◆ Description of the task:
Using the data below, output a verbatim copy of the lines between the one holding "Le Bracelet Griffor" and the one holding "Enjoy fantastic contrasts", inclusive, without any pictures.

##############################

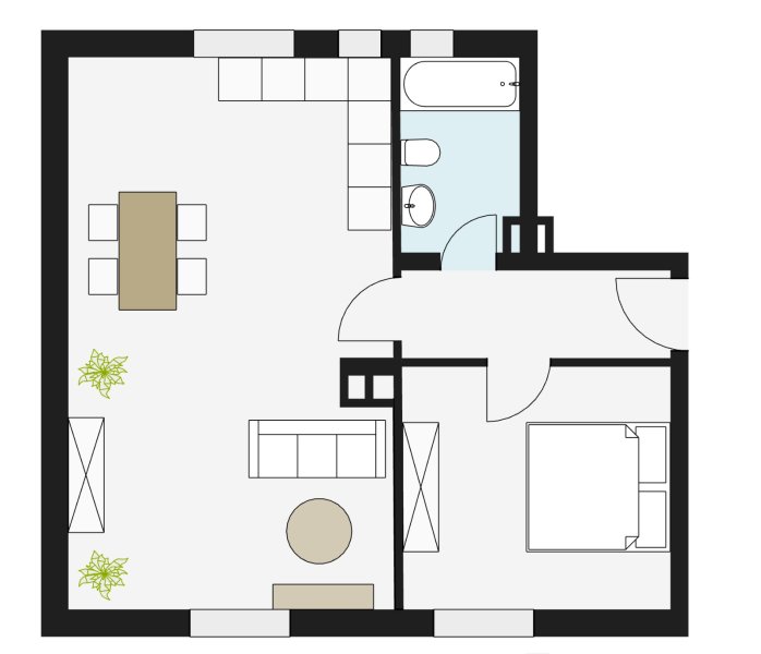 Die Wohnung ist mit Laminat ausgelegt und verfügt über ein Schlafzimmer und einen offenen, doppelten Raum der Wohnküche und Wohnzimmer kombiniert.
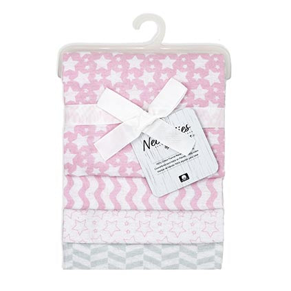 Pink Star Receiving Blanket 4pk
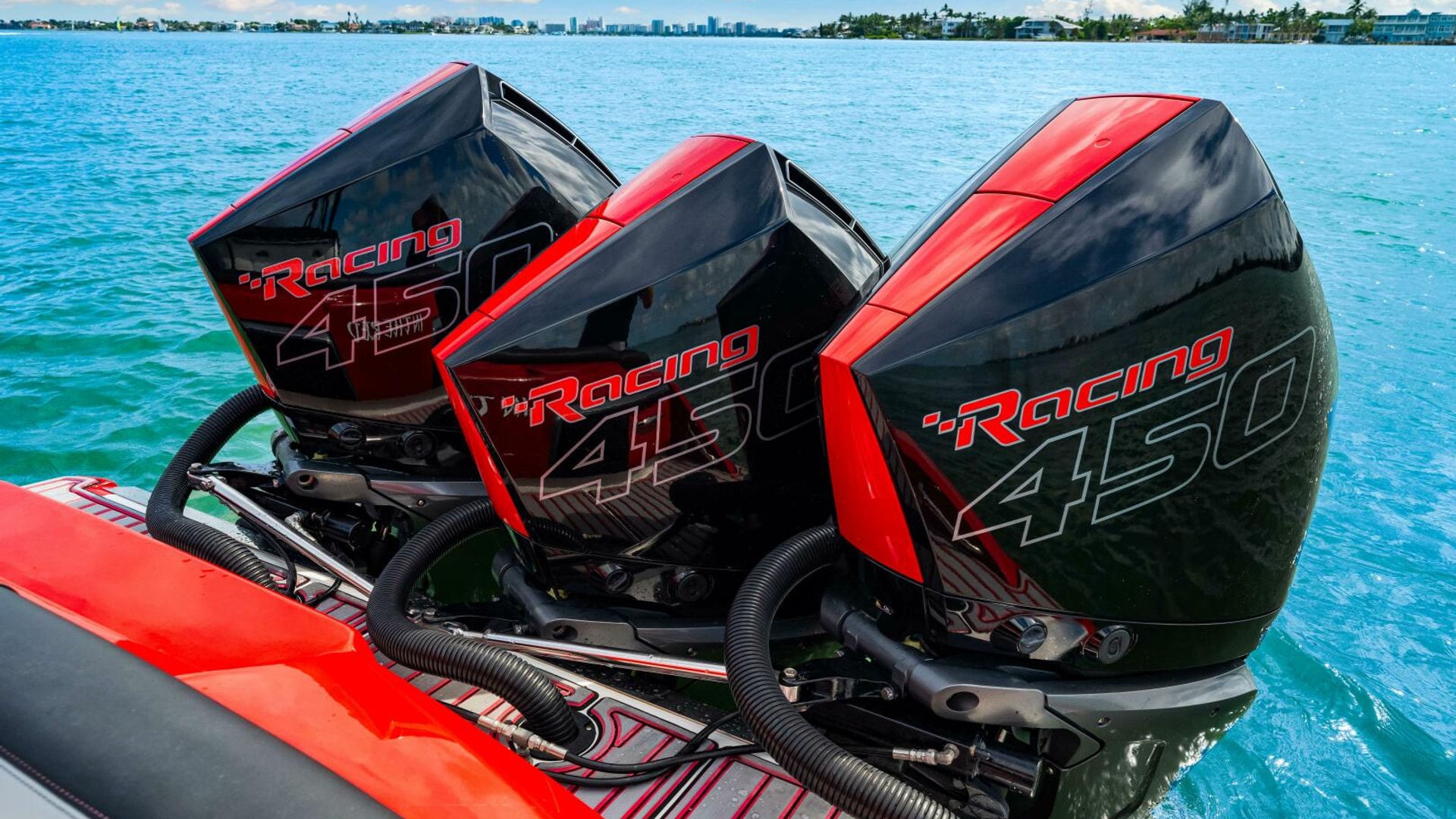 - Triple Mercury Racing 450 Motors. Under 200 hours
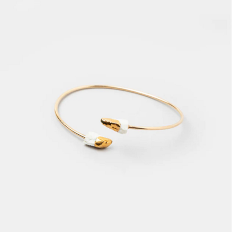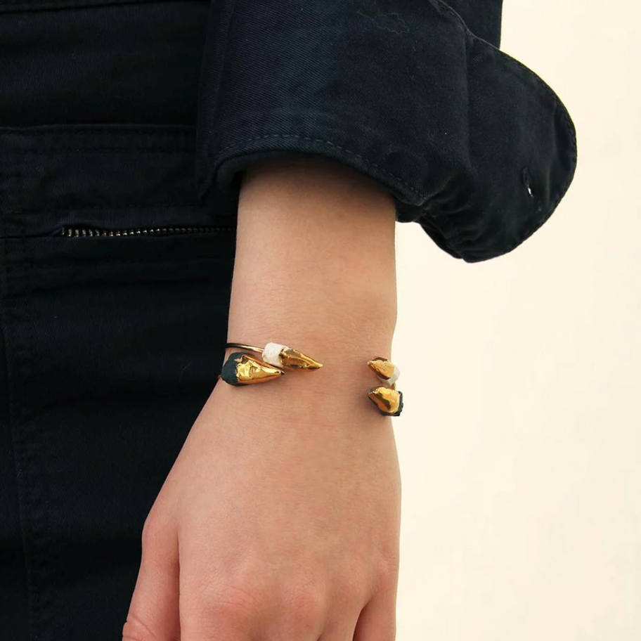 Le Bracelet Griffor est issu de la collection Ruée Vers L'Or, qui s'inspire des premiers gestes de l'homme pour transformer la matière et faire naître des perles de porcelaine uniques.
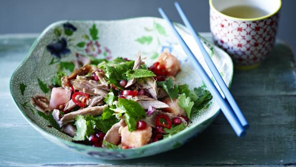 Enjoy fantastic contrasts in this zingy salad – salt, sweet and sour flavours combine with warm duck and chilled fruit.
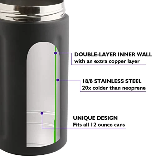 - 【EXCELLENT DOUBLE-LAYER INNER WALL DESIGN】High-quality stainless steel cans and bottle insulators, cans with slender double inner walls, can provide excellent thermal insulation performance, and can ensure that the beverages remain fresh for several hours. Finger grooves and portable size (3 inches * 6 inches) provide a more comfortable and firm grip! Keep the drink fresh and cold to the last drop.
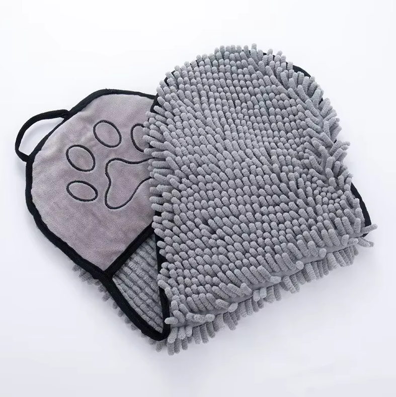 This pet towel is perfect for drying my dog after a bath. The glove feature is great for reaching his paws and drying him faster.
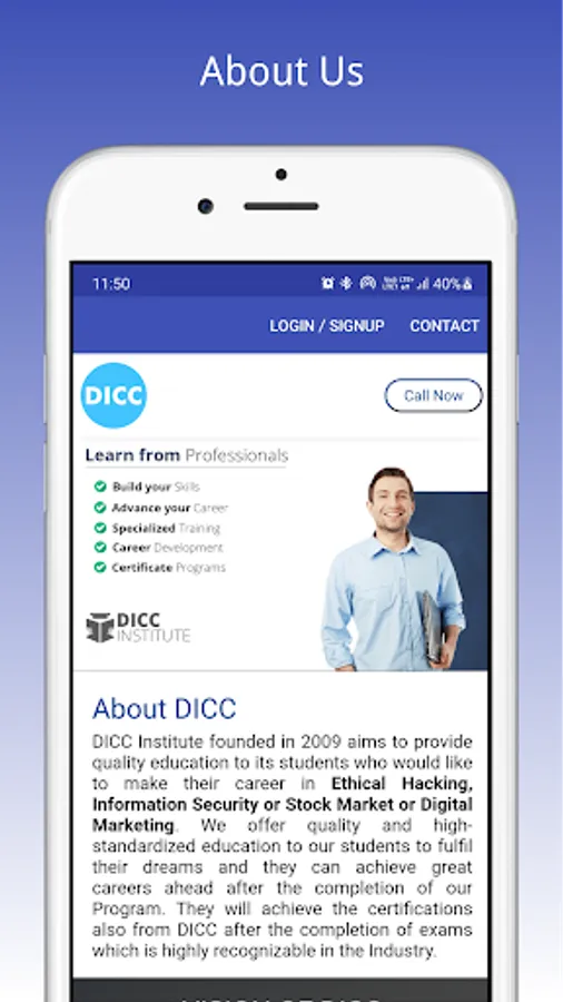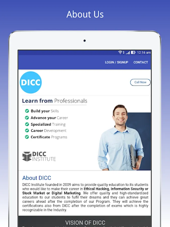 DICC Institute founded in 2009 aims to provide quality education to its students who would like to make their career in Ethical Hacking, Information Security or Stock Market or Digital Marketing. We offer quality and high-standardized education to our students to fulfil their dreams and they can achieve great careers ahead after the completion of our Program. They will achieve the certifications also from DICC after the completion of exams which is highly recognizable in the Industry.
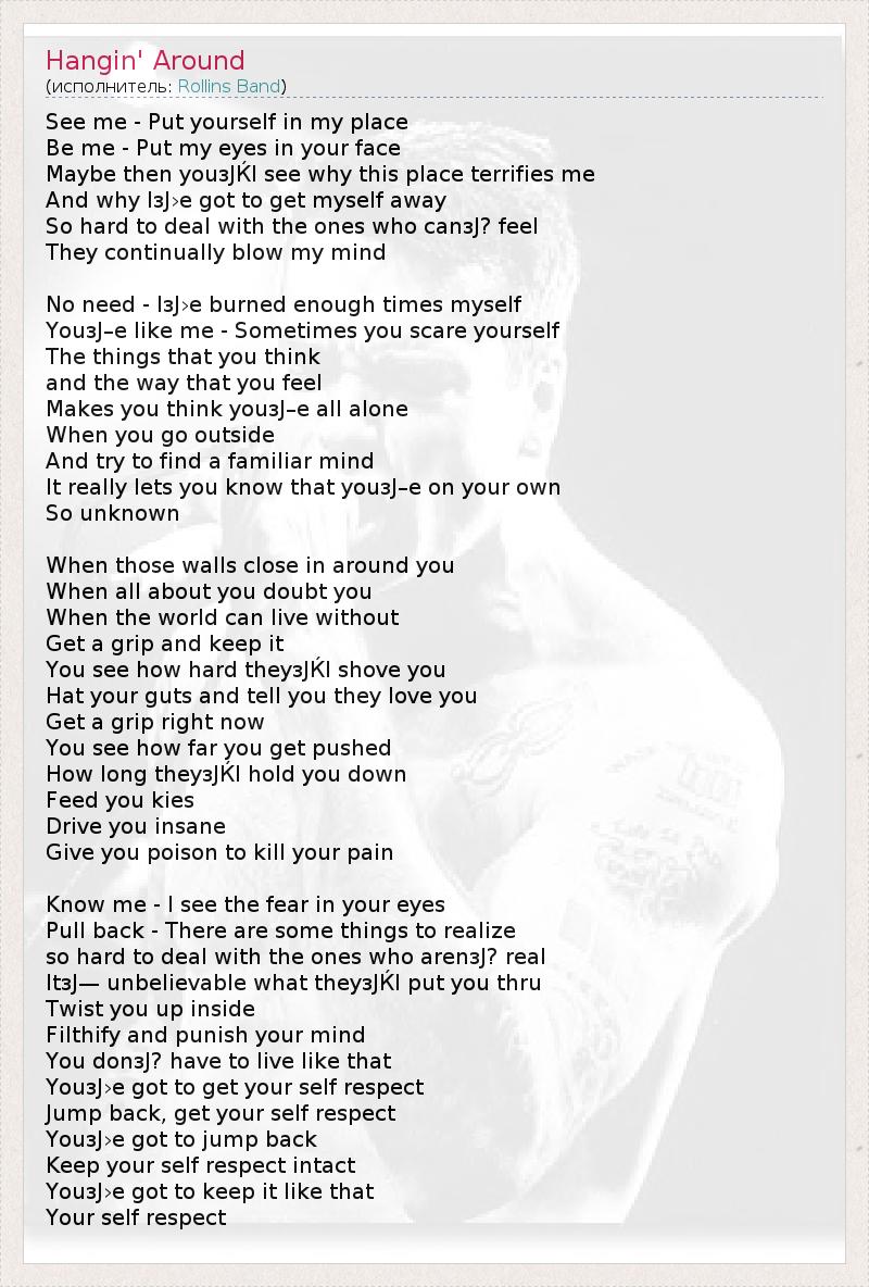 See me - Put yourself in my place Be me - Put my eyes in your face Maybe then youзЈЌl see why this place terrifies me And why IзЈ›e got to get myself away So hard to deal with the ones who canзЈ? feel They continually blow my mind No need - IзЈ›e burned enough times myself YouзЈ–e like me - Sometimes you scare yourself The things that you think and the way that you feel Makes you think youзЈ–e all alone When you go outside And try to find a familiar mind It really lets you know that youзЈ–e on your own So unknown When those walls close in around you When all about you doubt you When the world can live without Get a grip and keep it You see how hard theyзЈЌl shove you Hat your guts and tell you they love you Get a grip right now You see how far you get pushed How long theyзЈЌl hold you down Feed you kies Drive you insane Give you poison to kill your pain Know me - I see the fear in your eyes Pull back - There are some things to realize so hard to deal with the ones who arenзЈ? real ItзЈ— unbelievable what theyзЈЌl put you thru Twist you up inside Filthify and punish your mind You donзЈ? have to live like that YouзЈ›e got to get your self respect Jump back, get your self respect YouзЈ›e got to jump back Keep your self respect intact YouзЈ›e got to keep it like that Your self respect
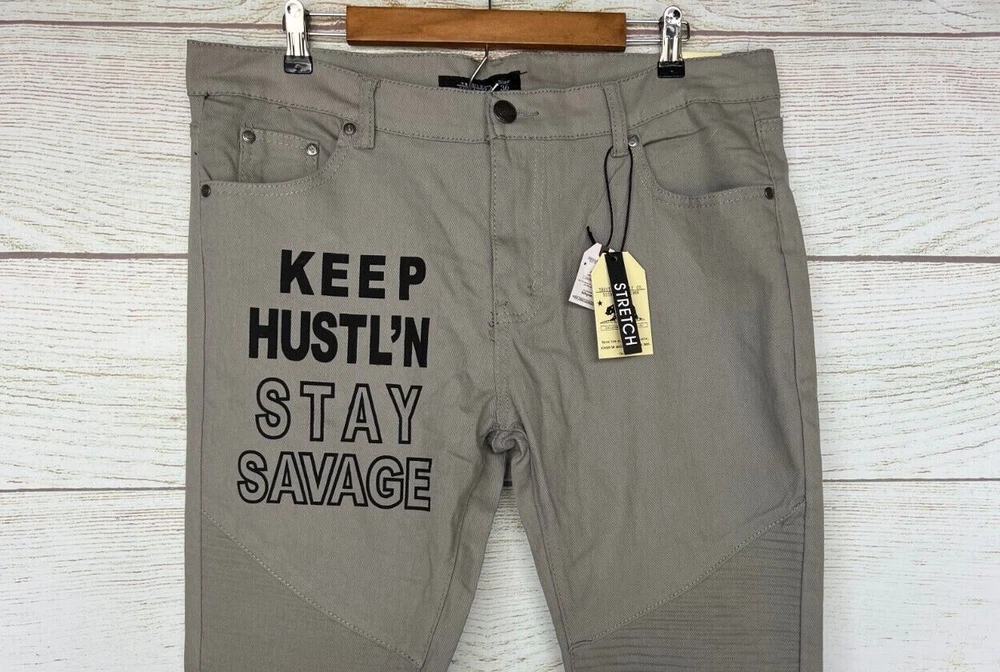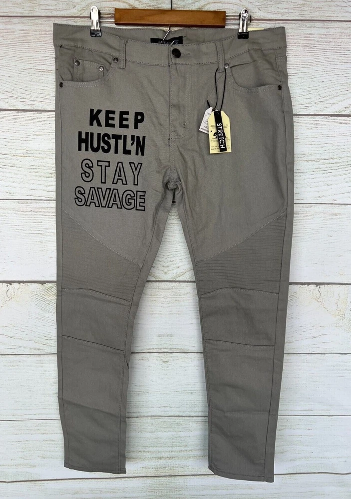 Trestles Thin Jeans Mens 32X32 Grey Keep Hustl'n Canvas Style Stretch Skinny New
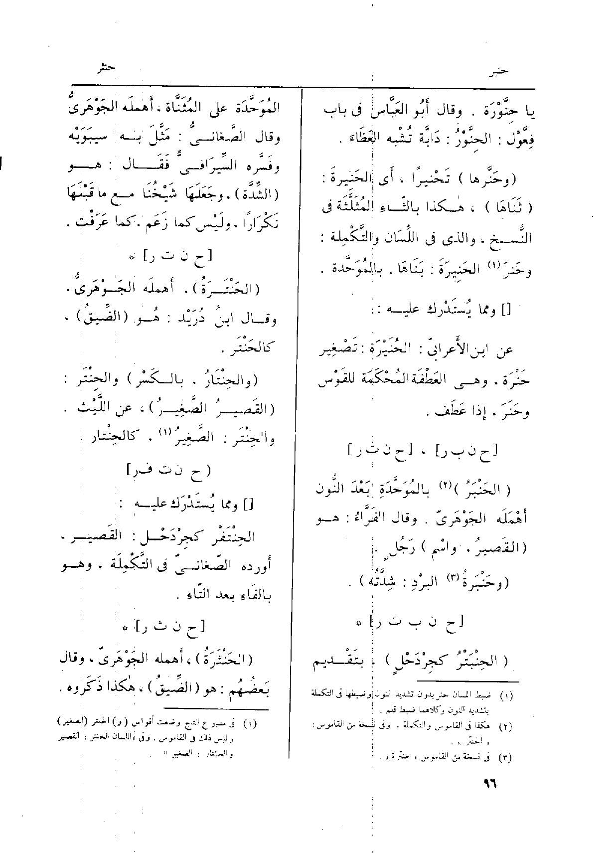 (والحِنْتَارُ، بالكَسْر) والحِنْتَر: (القَصيرُ الصَّغِيرُ) ، عَن اللَّيْث. والحِنْتَر: الصَّغِيرُ، كالحِنْتَار.
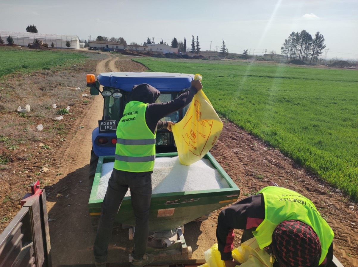 350 dekar alanda ekimi gerçekleştirilen ekmeklik buğdayların gübreleme
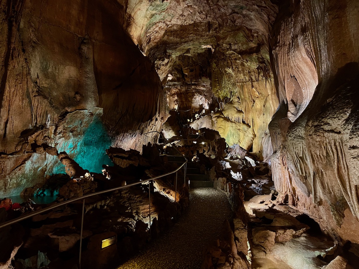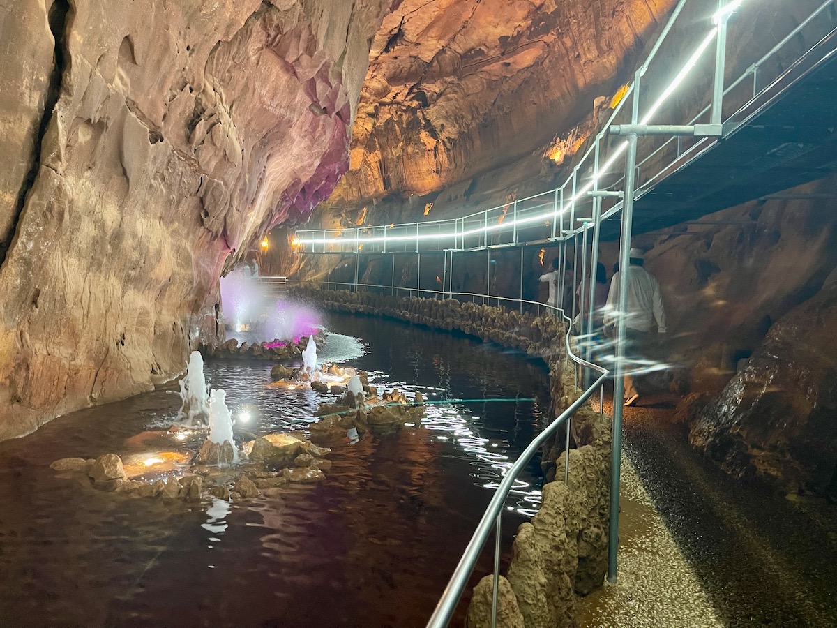 最後の湖には、なんとライトアップされた噴水が!地中の奥深くにいることを忘れさせるアミューズメントパーク感は、正直、少し残念な気もしました。けれども、実はこの噴水を使って、観光客の訪問によって乱される湿度など洞窟内の環境を最適化しているそうですよ。
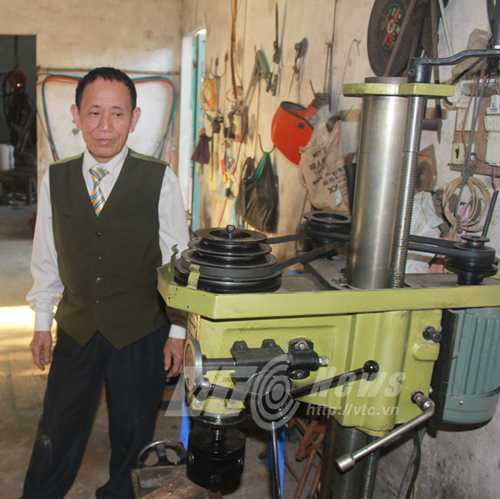 | Ông Chuốt trong xưởng cơ khí của mình |
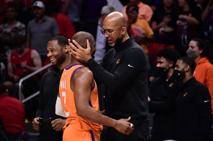 保罗在第三节突然发力,中投6中6打得约基奇输急眼,明显心态崩了,一巴掌打到佩恩的面部,吃到二级恶犯被驱逐离场,离场前约基奇主动向佩恩道歉;赛后约基奇在球员通道与保罗拥抱,并且恭喜保罗。

##############################

◆ Exercise result:
 Le Bracelet Griffor est issu de la collection Ruée Vers L'Or, qui s'inspire des premiers gestes de l'homme pour transformer la matière et faire naître des perles de porcelaine uniques.
 Enjoy fantastic contrasts in this zingy salad – salt, sweet and sour flavours combine with warm duck and chilled fruit.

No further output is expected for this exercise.